Peterson thrived in the atmosphere of freedom prevalent in the 1960s and 1970s, when photographers and art directors were far more experimental. Roger Schoening, Art Director for Mademoiselle from 1961-1978, and for Vogue from 1979-1988, remarked, “I never send Gus out on a job that I don’t wonder what he’s going to come back with. Is he going to give me fashion pictures or a W.P.A. portfolio?...I can never get a simple fashion picture from him. It always looks like it belongs in an art gallery. There’s something – just little details, gestures, looks -- that creep in and divert you from the clothes.” Bea Feitler, the former Art Director for Harper’s Bazaar, Ms., and Rolling Stone declared in the 1960s, “The most interesting fashion pages now – the ones that say the most about our times – are Gösta Peterson’s for Mademoiselle.” Peterson frequently partnered with his wife, the legendary Patricia Peterson, fashion editor of The New York Times (1957-1977) and Vice President of the exclusive department store Henri Bendel (1977-1989). Their famous ads for Bendel’s appeared in The New York Times almost every Sunday from 1978 to 1986, and set new standards for creativity and innovation in the advertising industry. Gösta Peterson’s influence extended to his contemporaries in the field, including Diane Arbus, Duane Michals (who considered him “underrated”), and Bob Richardson; the jazz artist Charles Mingus; and the fashion and beauty entrepreneur and model Linda Rodin. Deborah Turbeville often credited Peterson as a mentor and for influencing her decision to become a photographer.

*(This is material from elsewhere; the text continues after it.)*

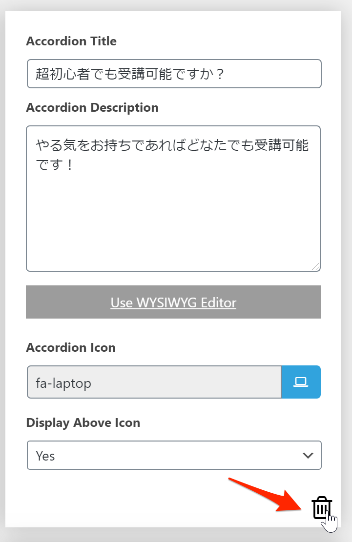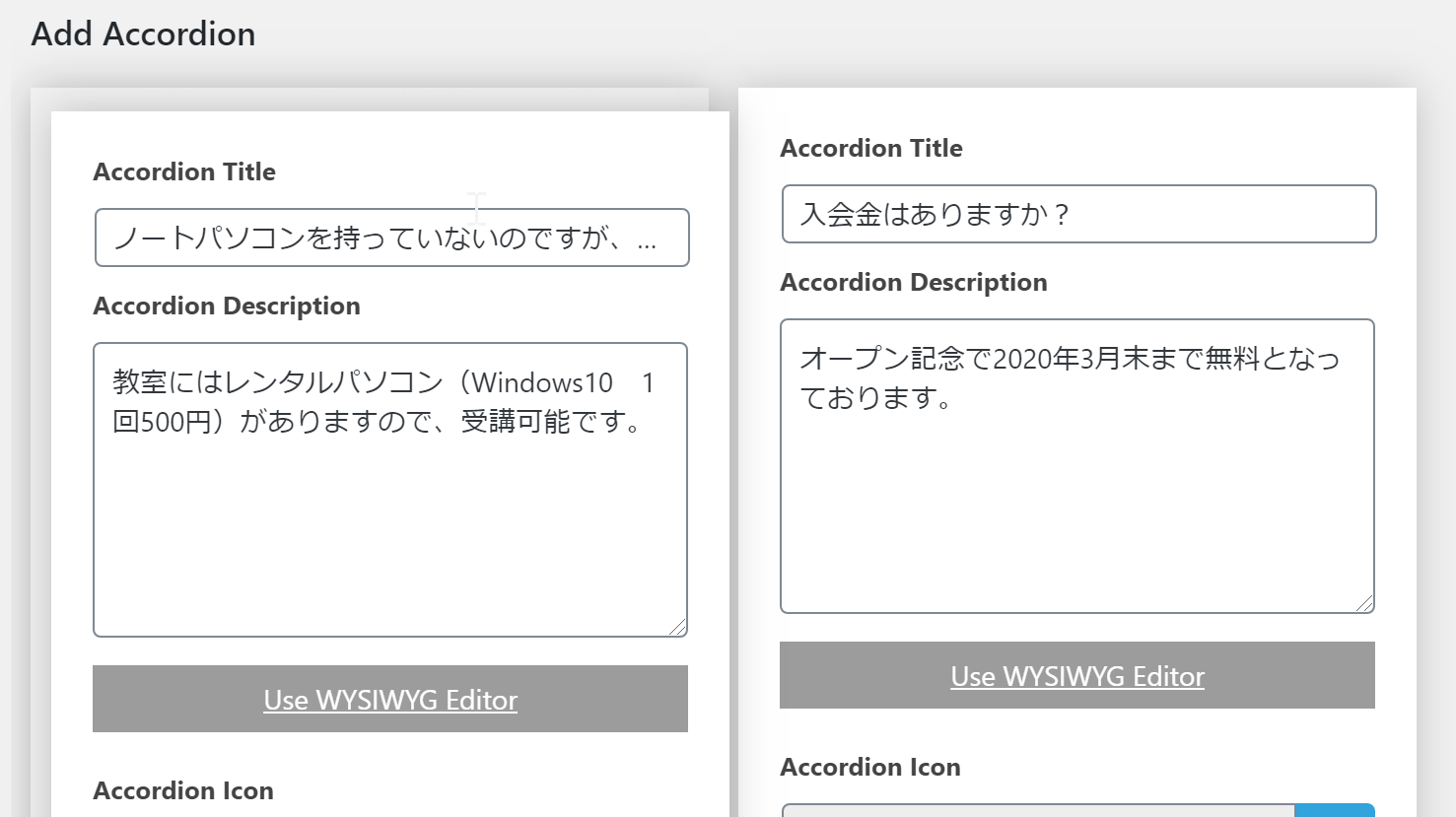 その下にあるAdd Accordionの部分に1つずつの質問と答えを入力していきます。

Gösta Peterson began his career as a fashion illustrator in Sweden after his education in art and graphic design at the renowned Anders Beckman Skola in Stockholm, where he majored in illustration and advertising graphics. After military service from 1943-44, he accepted a full-time position with the Gumaelius Advertising Bureau, the third-largest advertising agency in Stockholm. In March 1948, at the age of 24, Peterson moved to New York "with poor English," by his own account, "but enough to find every jazz club in town." He secured illustration assignments right away, but found himself becoming restless "hanging over a drafting table" all day and began to photograph on the streets of New York City with a Rolleiflex he had received as a going-away gift from his colleagues at Gumealius. Before long, he was accepting freelance work from magazines. Peterson's photographs are held in museum collections worldwide, including the Detroit Institute of Arts, Detroit; Museum of Fine Arts, Boston; Victoria & Albert Museum, London; Worcester Art Museum, Worcester, MA; and private collections such as The James Moores Collection, Liverpool, England (formerly Pulsynetic, London).